[ENet-discuss] Shooter Game
Lee Salzman
lsalzman1 at cox.net
Wed Apr 15 01:53:08 PDT 2009
The ENet header overhead is not bad, per se, but keep in mind if you are
not bulking stuff into packets, the overhead for my case would have been
N*(N-1)*30 packet headers, times whatever the size of the headers is.
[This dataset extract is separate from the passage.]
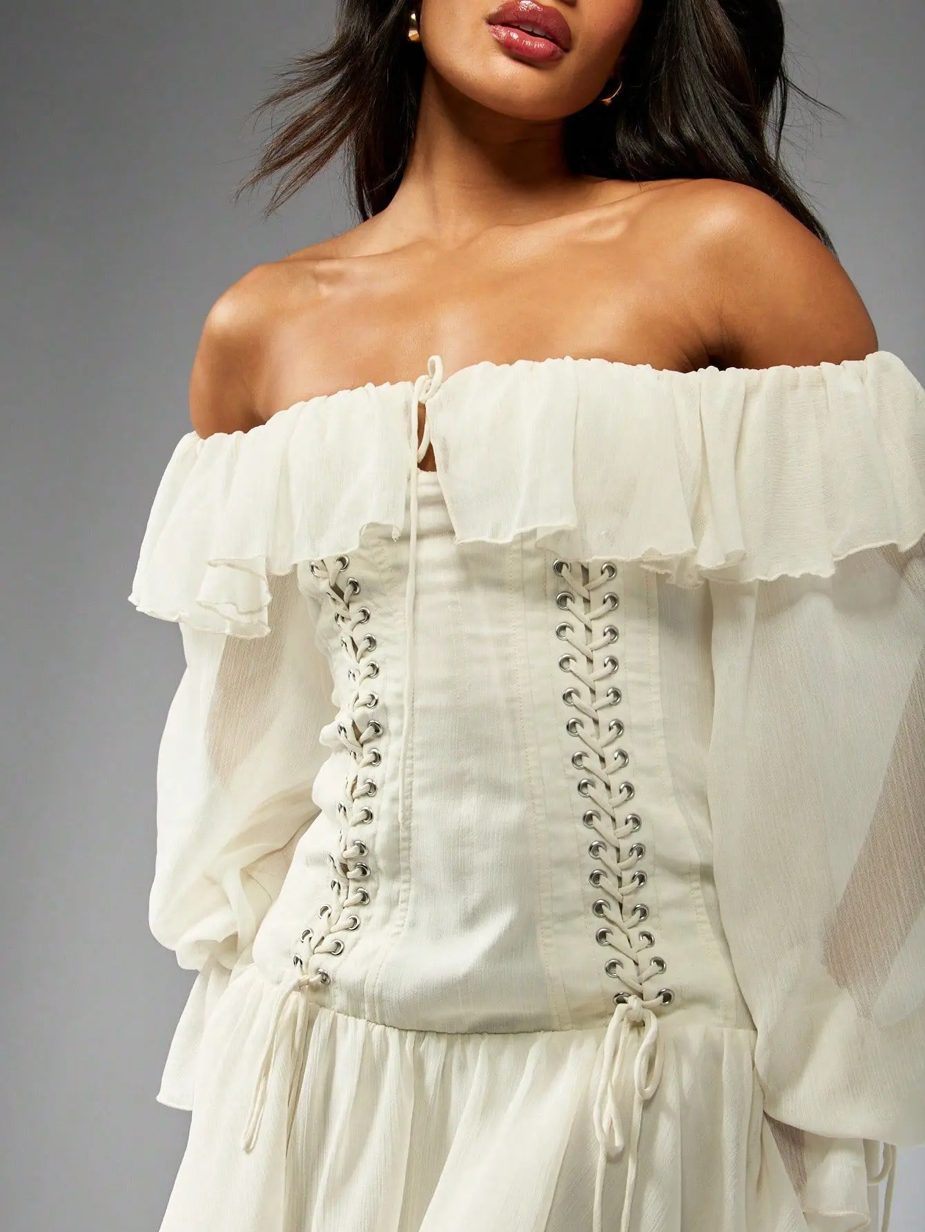 Ruffle Off Shoulder Long Sleeve Corset Chiffon Lace Up Detail Mini Dress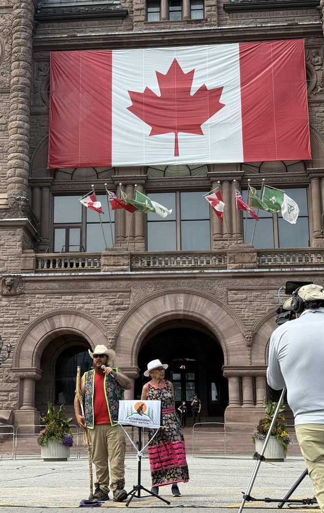 Elders and First Nation political leaders attended a First Nation youth rally at Queen’s Park in Toronto against Ontario’s Bill 5 and Canada’s Bill C5 on August 8, 2025. From L-R: Tristan Ashishkeesh, Elder Angela Ashishkeesh, Ramon Kataquapit and Elizabeth Spence-Etherington.

That adds up quickly, especially if the headers are >= 20 bytes in size
all total, so that it would almost double (or worse) the bandwidth usage
the server was sending out!
Now, with respect to the second question, ISPs place much harsher caps
on upstream bandwidth than they do downstream, so upstream and
downstream bytes are not created equal. :)
Lee
Daniel Aquino wrote:
> On Tue, Apr 14, 2009 at 10:52 PM, Lee Salzman <lsalzman1 at cox.net> wrote:
>
>
>> Regardless, the biggest consumers of bandwidth and perhaps the most latency
>> sensitive data is position packets. In Cube 1/2, each position packet runs
>> about 20 bytes for each player (since it carries position, velocity, any
>> physics/animation state, etc), and it is sent unreliably at a fixed rate of
>> 30 times a second. So you end up with a situation where the bandwidth usage
>> is (for N=number of players): N*(N-1)*20*30 bytes per second, since each
>> player must send its position to every other player.
>>
>
>
> Do you know how much the overhead there is for udp and enet headers?
>
>
>
>> If you went with a peer-peer scheme, the individual load
>> per peer would then only be (N-1)*20*30, but with greater overhead in
>> packets/headers, since they can't be bulked together into a single packet -
>> each update goes to a different client. But for each peer, this is all
>> upstream bandwidth.
>>
>
>
> What did you mean by this?
>
> wouldn't the full upstream/downstream bandwidth be 2 * ( (N-1)*20*30 ) ??